A testing utility to deterministically test snowflake implementations.

NOTE: Do not use this as a client library to execute DDL, DML or DCL in a production environment.
This code is highly suseptible to SQL-injection. This library is intended to generate & describe ephemeral assets which can (and probably will) be dropped without notice.

Install

# From master
pip install git+https://github.com/Tsanton/pyflake-client#egg=pyflake-client
# From branch
pip install git+https://github.com/Tsanton/pyflake-client@master#egg=pyflake-client
# From tag
pip install git+https://github.com/Tsanton/[email protected]#egg=pyflake-client

requirements.txt

package-one==1.9.4
git+https://github.com/path/to/[email protected]#egg=package-two
package-three==1.0.1

Usage

execute_async

Executes a SQL statement asynchronously.

job = flake.execute_async("CALL PROCEDURE x.y.MYPROC();")

This return a AsynCallJob which then must have one of the following functions invoked:

wait():

job = flake.execute_async("CALL PROCEDURE x.y.MYPROC();")
job.wait()

This will block until the job is completed

fetch_one():

By providing the class you want to deserialize your response into, and a deserializer for how to parse the response, you can fetch_one()

job = flake.execute_async("SELECT 'Hello you' AS GREETING;")
greeting = job.fetch_one(str, lambda x : str(x))

This will block until the job is completed

fetch_many():

By providing the class you want to deserialize your response into, and a deserializer for how to parse the response, you can fetch_many()

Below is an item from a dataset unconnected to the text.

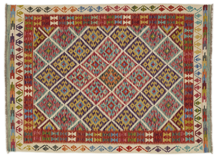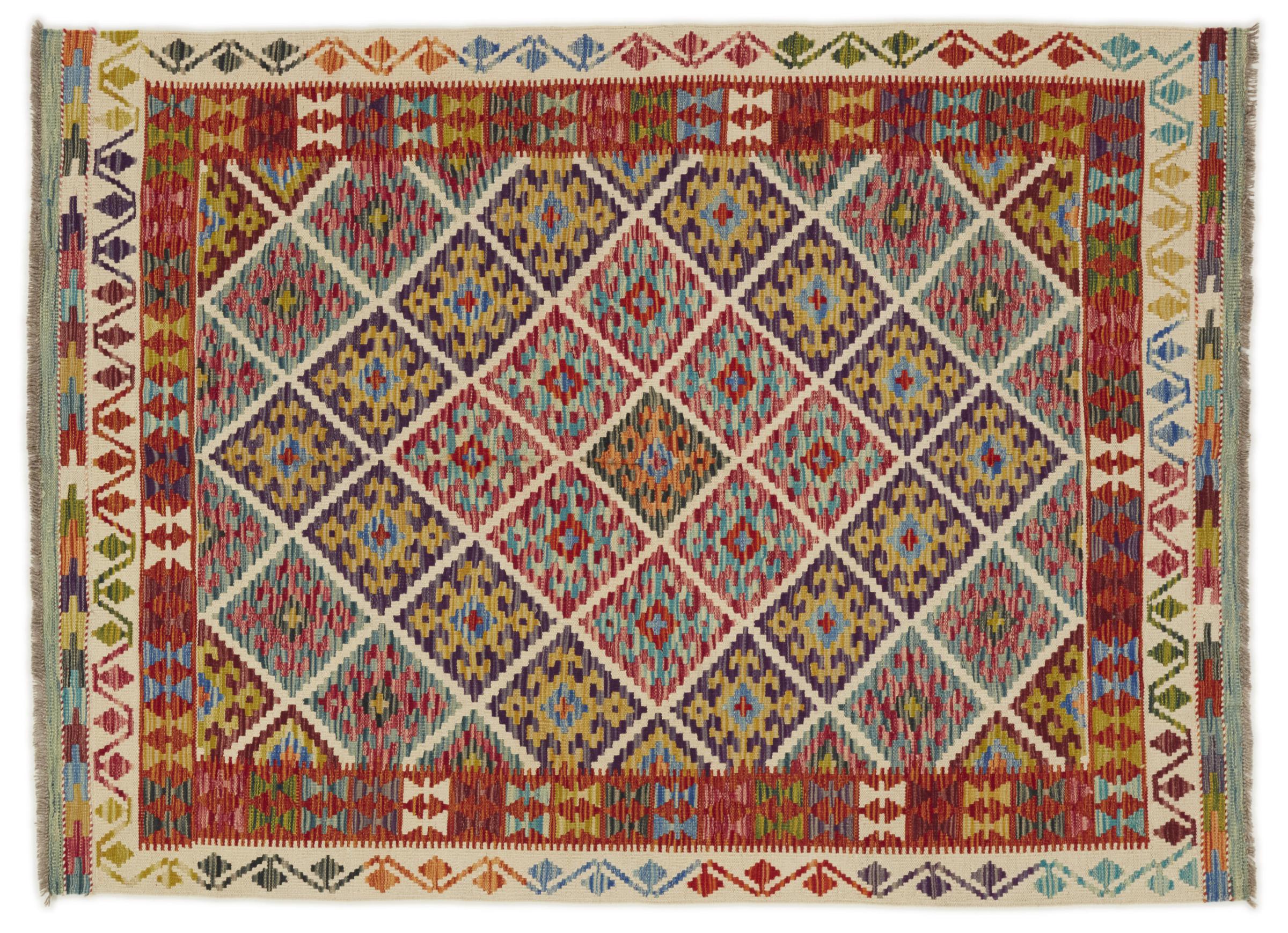 This handwoven Kilim Afghan is a wonderful and unique piece of art. Hard to believe that these modern colours and patterns have already been used centuries ago. This carpet has been woven by hand in old tradition in Afghanistan. It delivers a portion of contemporary history, which you won't find in this specific design a second time. It consists of high-grade natural wool and gives your home a personalised touch.

job = flake.execute_async("SELECT 'Hello Foo' AS GREETING union all SELECT 'Hello Bar' AS GREETING;")
greetings = job.fetch_many(str, lambda x : str(x))

This will block until the job is completed

is_done():

job = flake.execute_async("CALL PROCEDURE x.y.MYPROC();")
if job.is_done():
    print("Done")
else:
    print("Not done")

cancel():

job = flake.execute_async("CALL PROCEDURE x.y.MYPROC();")
job.cancel()

This will block until the cancellation of the job is completed

create_asset_async

Creates a Snowflake asset asynchronously.
An asset is defined as an object in snowflake, be it an accout level entity (database/role), or schema level entity (table or function).

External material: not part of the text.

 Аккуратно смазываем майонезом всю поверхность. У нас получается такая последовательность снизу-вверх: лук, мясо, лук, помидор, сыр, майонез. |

In order to be an asset your dataclass must implement the ISnowflakeAsset.

The simplest example is the database asset, note it's implementation of get_create_statement and get_delete_statement:

@dataclass(frozen=True)
class Database(ISnowflakeAsset):
    db_name: str
    comment: str
    owner: ISnowflakePrincipal

    #implements ISnowflakeAsset
    def get_create_statement(self):
        if self.owner is None:
            raise ValueError("Create statement not supported for owner-less databases")
        snowflake_principal_type = self.owner.get_snowflake_type().snowflake_type()
        if snowflake_principal_type not in ["ROLE"]:
            raise NotImplementedError("Ownership is not implemented for asset of type {self.owner.__class__}")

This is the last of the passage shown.